Reproduce the listing that follows word for word, without its pictures.
==== Source material ====
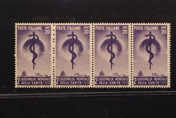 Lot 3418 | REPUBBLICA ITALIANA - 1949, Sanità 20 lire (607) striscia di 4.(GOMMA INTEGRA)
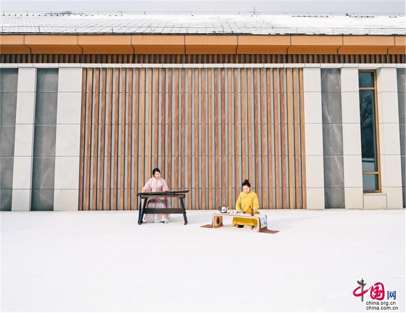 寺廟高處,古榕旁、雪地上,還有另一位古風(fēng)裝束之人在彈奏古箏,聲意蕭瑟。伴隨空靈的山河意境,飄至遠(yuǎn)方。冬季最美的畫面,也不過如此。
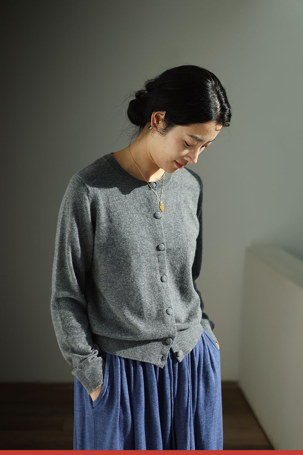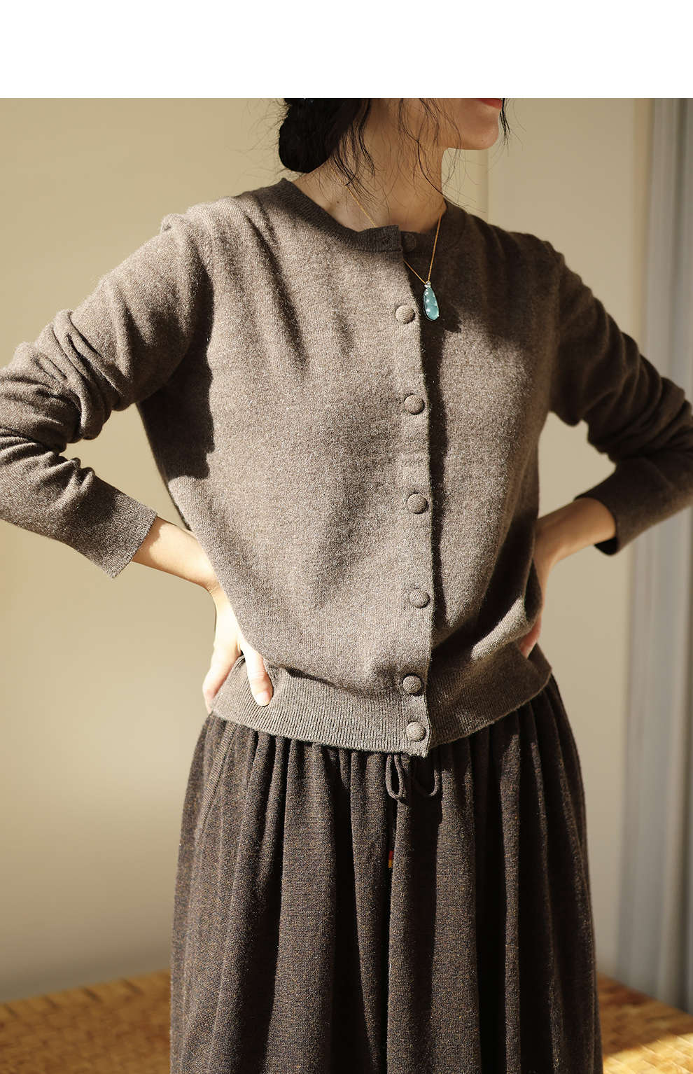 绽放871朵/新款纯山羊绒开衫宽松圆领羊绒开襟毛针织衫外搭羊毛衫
====
Exercise answer:
 Lot 3418 | REPUBBLICA ITALIANA - 1949, Sanità 20 lire (607) striscia di 4.(GOMMA INTEGRA)
 寺廟高處,古榕旁、雪地上,還有另一位古風(fēng)裝束之人在彈奏古箏,聲意蕭瑟。伴隨空靈的山河意境,飄至遠(yuǎn)方。冬季最美的畫面,也不過如此。
 绽放871朵/新款纯山羊绒开衫宽松圆领羊绒开襟毛针织衫外搭羊毛衫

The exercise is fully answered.